尻ポケットから携帯電話をポケットから取り出して、画面を触りながら、羽根恋愛が「なんすかー?」と穏やかな態度で応える。
「ケーキ屋さんになりたくて」
「へえー。え?あ、TKYM(超空気の読めん)円城寺から鬼電が。タイミングにワロス」
「……」
爽やかな風が吹いて「気持ちー」と羽根恋愛が笑う。
「感想の程は」
「かっけーっす。でも先輩ってヘビースモーカーっすよね」
「……」
「まあ本音、言います。適度な距離感って大切ですよ~」
「ケーキ屋さんってなれるんすか?パティシエっすよ」と言った羽根恋愛に、禰夜が「花屋さんでもいいけど」と言った。「やる気の無さに乾杯〜」と羽根恋愛が禰夜に寄り掛かる。
「先輩って普段、何してるんすか」
「決まった生活送ってる。アイツが居るから」
「嶺本先輩ってソクバッキーですもんね。最後の高校生活、もっと楽しみましょーよ」
カタンと音がした。

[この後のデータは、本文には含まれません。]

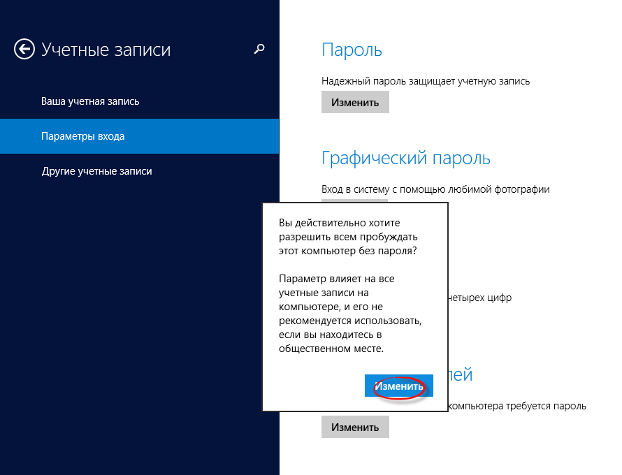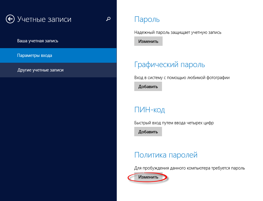 Некоторым пользователям не нравится еще и то, что после вывода из сна, также требуется ввод данных. В системе есть опция, которая позволит будить компьютер без лишних действия. Для начала, пользователю потребуется зайти в Параметры, оттуда пройти в изменение параметров компьютера, дальше в параметры ПК, из них нужно зайти в учетные записи, где следует выбрать параметры входа. В этом разделе потребуется открыть политику паролей и нажать на Изменить, в открывшемся окне стоит отметить пункт «Для пробуждения компьютера не требуется пароль».

そこには、嶺本丐がいた。
「禰、ここに居たのか」
太陽の光を背に、長身の綺麗な男子生徒が屋上に姿を現した。フラつきながら少し疲れている様子で現れた。影になって顔がよく見えないが、その男子生徒は、禰夜と仲が良いと有名な嶺本丐。嶺本丐は、禰夜とは喋るが普段は無口で怖い印象がある。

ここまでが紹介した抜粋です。